However, higher operating costs and margin pressures impacted overall profitability.

The Company reported revenues of $585.03M, representing a 3% or $17.28M increase over the $567.75M recorded in Q1 2024. This growth was primarily driven by a significant increase in revenue contribution from a previously underperforming segment, reflecting the success of targeted expansion efforts. While revenue remains below prior peak levels, the Company continues to recalibrate and drive demand through expanded service offerings and strengthened client engagements.

Gross profit for the quarter stood at $301.67M, reflecting a 4% decline from $315.82M in Q1 2024. This decline resulted from higher direct costs associated with event execution, infrastructure upgrades, additional non-recurring costs incurred during the period, and increased labour costs related to service delivery.
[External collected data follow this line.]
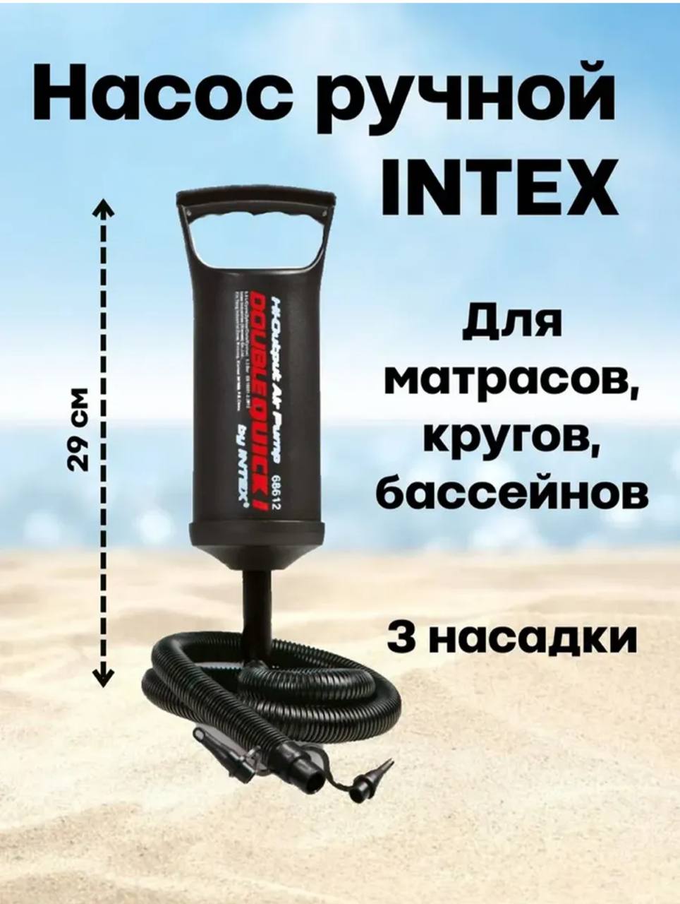 Ручной насос для надувных матрасов и бассейнов INTEX, поршневой насос двойного действия для надувных изделий, насос для надувного круга и бассейна без электричества, ручной насос 3 насадки для пляжа и бассейна, компактный насос для надувания и сдувания INTEX 68612, купить ручной насос INTEX Double Quick — это быстрое и удобное надувание любых изделий на пляже, даче и в бассейне без розетки и проводов.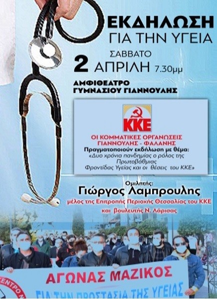 Οι Κομματικές Οργανώσεις Γιάννουλης και Φαλάνης του ΚΚΕ διοργανώνουν εκδήλωση –συζήτηση με θέμα: «Δυο χρόνια από την πανδημία η κατάσταση στην Πρωτοβάθμια Φροντίδα Υγείας η πολιτική της κυβέρνησης και οι θέσεις του ΚΚΕ», με ομιλητής τον Γιώργο Λαμπρούλη βουλευτή Λάρισας και μέλος της Επιτροπής Περιοχής Θεσσαλίας του ΚΚΕ, το Σάββατο 2 ΑΠΡΙΛΗ και ώρα 7.30 μμ στο Αμφιθέατρο του Γυμνασίου Γιάννουλης.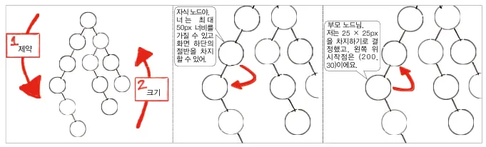 트리를 거슬러 올라가며 각 위젯의 크기와 위치를 안전하게 계산한다.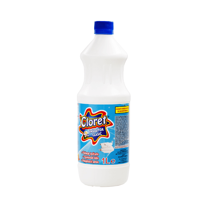 In caz de inghitire: Sunati imediat la un Centru de Informare Toxicologica/ un medic. Daca este necesara consultarea medicului, tineti la indemana recipientul sau eticheta produsului. Eliminati continutul/recipientul la un centru corespunzator de colectare a deseurilor. Nu utilizati pe rufe colorate, lana, matase si piele. A se utiliza, de preferinta, inainte de data inscriptionata pe ambalaj.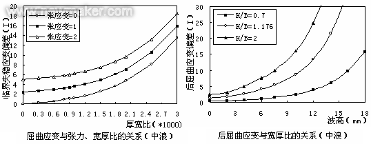 屈曲应变与张力、宽厚比的关系(中浪) 后屈曲应变与宽厚比的关系(中浪)

Consequently, the gross margin contracted to 51.56% from 55.63% in the prior year. The Company remains focused on managing costs effectively to support long-term profitability.

Operating expenses increased to $218.72M, up 7.5% from $206.35M in Q1 2024. This rise was attributed to planned administrative enhancements, a significant one-off expenditure for the Company’s 20th Anniversary celebration, higher personnel costs, increased security and fuel expenses, and a 51% increase in amortisation expenses to $11.36M due to renegotiated lease agreements and the addition of a new lease.
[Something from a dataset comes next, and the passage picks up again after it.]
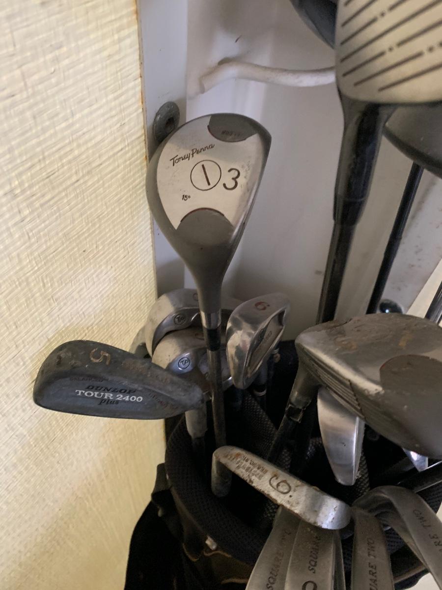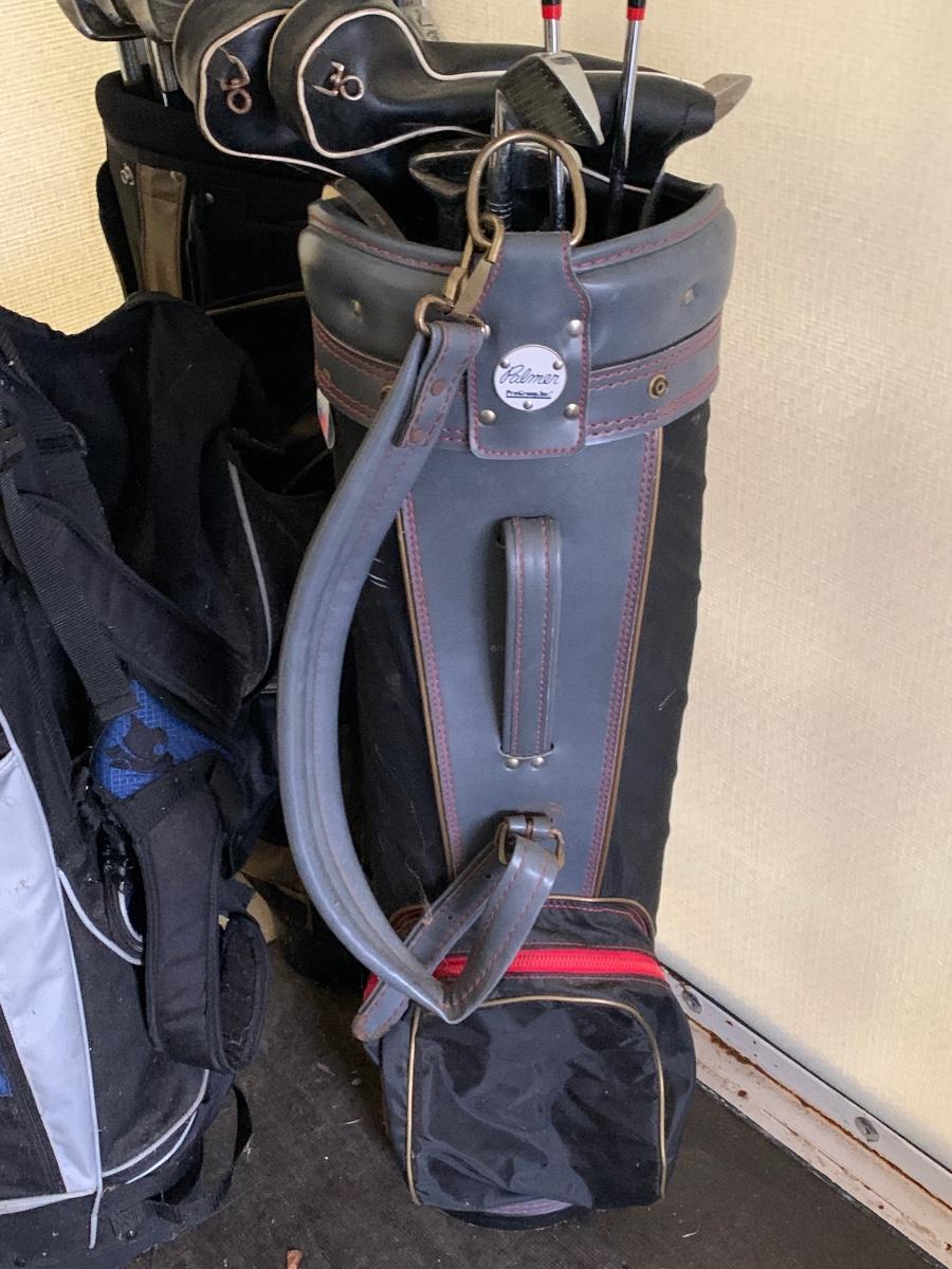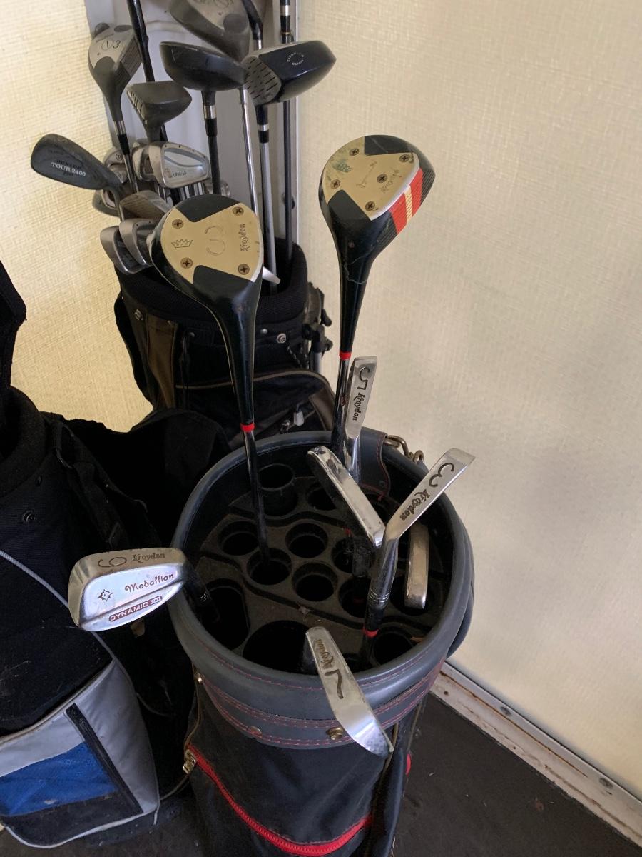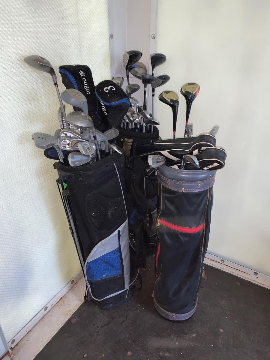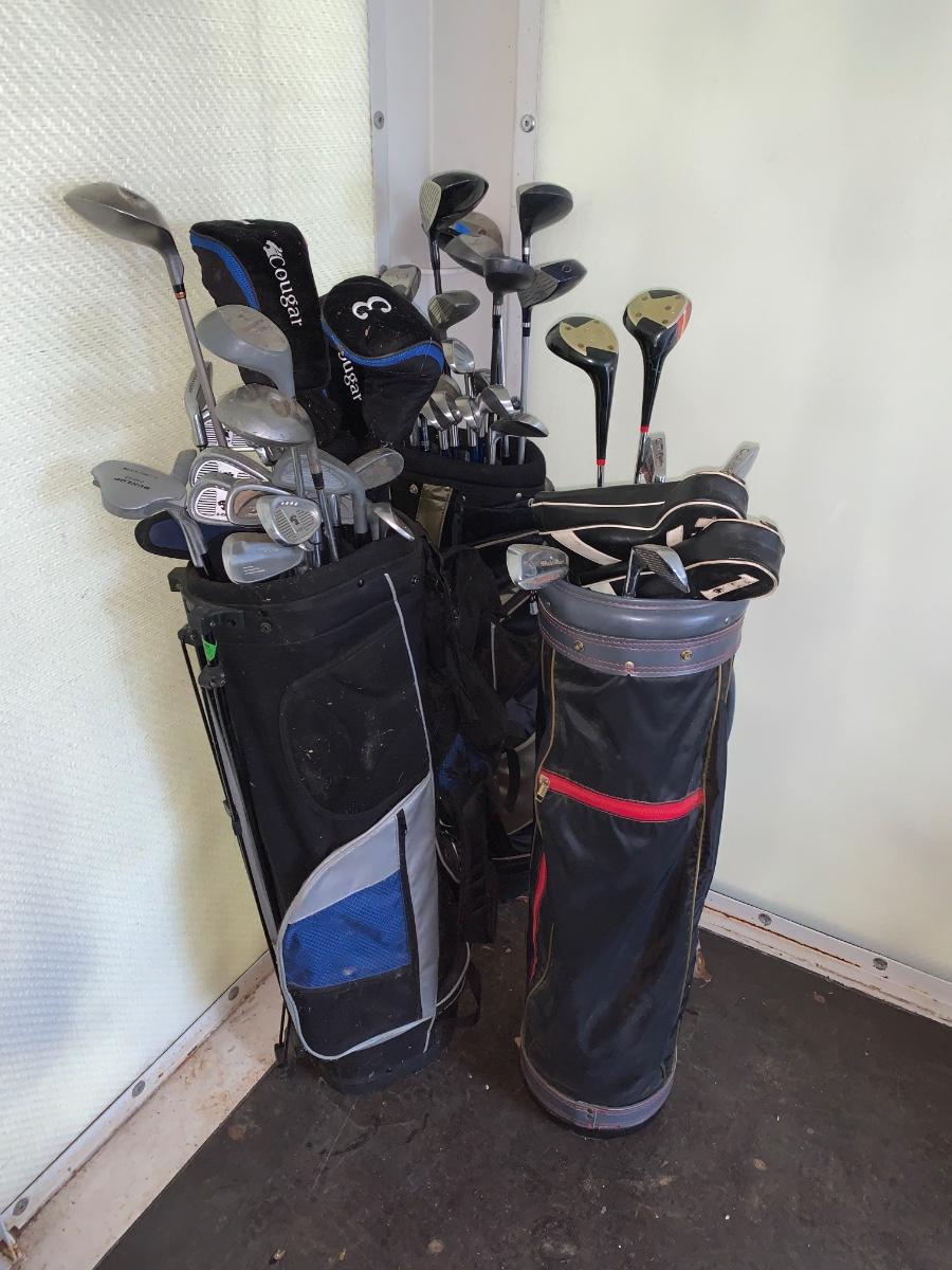 Large collection of various used golf clubs by different makers and 3 golf bags.

Operating profit stood at $87.48M, a 24% decline from $115.28M in Q1 2024. Increased finance costs, stemming from renegotiated lease agreements and new lease additions, also impacted results.
Net profit for the quarter amounted to $73.67M, a 27% decrease from $100.25M in Q1 2024, influenced by lower gross margins, increased operational costs, and higher impairment charges. As a result, earnings per share (EPS) fell from $0.33 in Q1 2024 to $0.25 in Q1 2025.

Total assets grew by 6.4%, reaching $1,306.01M, up from $1,227.37M in Q1 2024. This increase was primarily driven by a 53% rise in receivables, reflecting expanded customer engagements, with several balances stemming from events executed near the period’s end. Short-term deposits increased to $250.24M from $236.50M, while cash and bank balances declined by 30% to $131.74M from $188.91M due to timing differences in collections and reinvestments.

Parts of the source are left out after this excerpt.